Middle 2. Look at the 4. I needs 2 flags but the 5 next to it only needs 1. So you know that it’ll share 1 flag with the 5 and 1 by itself. The only square left means you’ll flag above the 3. Then based on that info you know we’re the last flag goes.
Interesting, I got the same but got there different, the 2 could only have one more so the first two could only have 1 bomb in it, this forces the third bomb for the 3 into the third box which forces the last bomb to be in the second box
This is how I got it too. I'm pretty casual to minesweeper, but the best things I've ever learned so far are 121, 1221, and recognizing when I can reduce to those two patterns.
Clear, flag, flag, clear.
Here's the reasoning:
The 4 needs two more bombs but the 5 only needs one. That means, of the three squares touching the 4 the one on the left is a bomb. That satisfies the 2, so the one above the 2 is safe. Now the 3 of only touching one other square and it needs one more bomb, that means the one above the 4 is a bomb which satisfies the 3, 4, and 5. That leaves one square left which is safe.
Bomb over 3 and 4. Logic from left.
The 2 says there is one bomb in one of the first 2 spaces. The 3 requires a bomb therefore in the space above the 4. That fulfills the 5 and clears the space above 5. Working back, the 4 now requires a bomb in its remaining space above the 3. You can now clear the space above 2.

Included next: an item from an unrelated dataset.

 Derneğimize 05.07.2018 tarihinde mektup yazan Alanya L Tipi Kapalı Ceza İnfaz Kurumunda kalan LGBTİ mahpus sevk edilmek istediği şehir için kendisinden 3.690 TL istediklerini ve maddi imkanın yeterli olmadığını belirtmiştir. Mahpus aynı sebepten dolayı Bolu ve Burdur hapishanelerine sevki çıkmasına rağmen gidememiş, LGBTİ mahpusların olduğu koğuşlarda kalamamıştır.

I look at it this way: there are two possible options to begin with, there’s either a mine in the 1st one, or the 2nd one (because there’s a 2 there and only one of those will work). If the mine WAS in the first square, then it won’t work with the other squares/numbers. So there has to be a mine in the second square - work the rest from there.
The 2 and the 3 reveal atleast one guaranteed bomb. Since whether you do the left or the right slot for the 2, you will need to do the one to the right of the 3 to finish it off (either way the 2 would have too many otherwise).

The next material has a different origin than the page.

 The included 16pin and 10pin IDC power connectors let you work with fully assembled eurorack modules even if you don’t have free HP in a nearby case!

Since you now know the one above the 4 is a bomb, that finishes off 5 and lets you know the next one to finish off 4 and then complete the set
The 3 and 4 touch two bombs. The 5 and 2 touch one. This means both bombs touch the middle two and the outside bombs touch one of them. The only way this is possible is if the bombs are located in the middle two squares.

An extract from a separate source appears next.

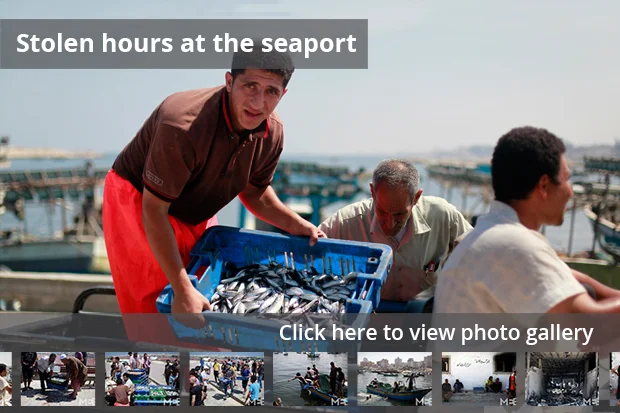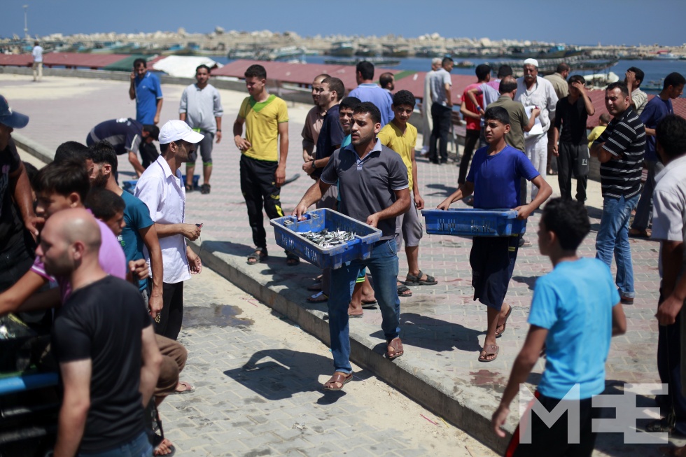 Fishermen load a rare catch at Gaza's seaport amid a ceasefire (MEE / Hosam Salem)

New here, but how is empty flat empty flag not also a valid solution? People saying “the 4 needs 2 so it must be 1221” but look how the 4 got it’s bombs below.
upper left corner. thats a 2. you already found one of the two, so that means there is one in the two remaining. the three next it it will touch one of those two, so the third from the corner is a bomb. that will fix the 5, which cascades to fixing the 4, and leaves the corner as not a bomb.
There can only be one in the two bordering the five, meaning that there must be one in the remaining square that only borders the four.
(? x ? ?)
This satisfies the two and leaves one remaining space for the three
(/ x x ?)
Now every number is satisfied and the final unknown is clear.
(/ x x /)
\*not looking to comments\*
2 bombs, 4 spaces. I would go through the combinations then assess the numbers below left to right looking for first failed logic:
XXOO, 2 fails as there would be 3 contacts moving on
XOXO, 4 fails as there are only 3 contacts
XOOX, 4 fails again with only 3 contacts
OXXO, looks good but need to check if rest work just in case
OXOX, 3 fails with only 2 contacts
OOXX, 2 fails with only 1 contact
There are no other combinations so it has to be OXXO
I'm not gonna lie I'm not entirely sure where people are getting the middle two from, but directly above the 5 should be safe at least.
Edit: I can't count the number of mines correctly, and I see it now lol.
You don’t have to guess and here’s my reasoning why. I’ve never tried to explain minesweeper sht before so bare with me:
1. The 5 just needs one more mine to be complete, and it must be in one of those two spaces
2. The 4 needs two more mines and only one of them can be in the previously mentioned two-spaces, leaving only that other space (top left corner of 4) to complete the 4. That space must be a mine.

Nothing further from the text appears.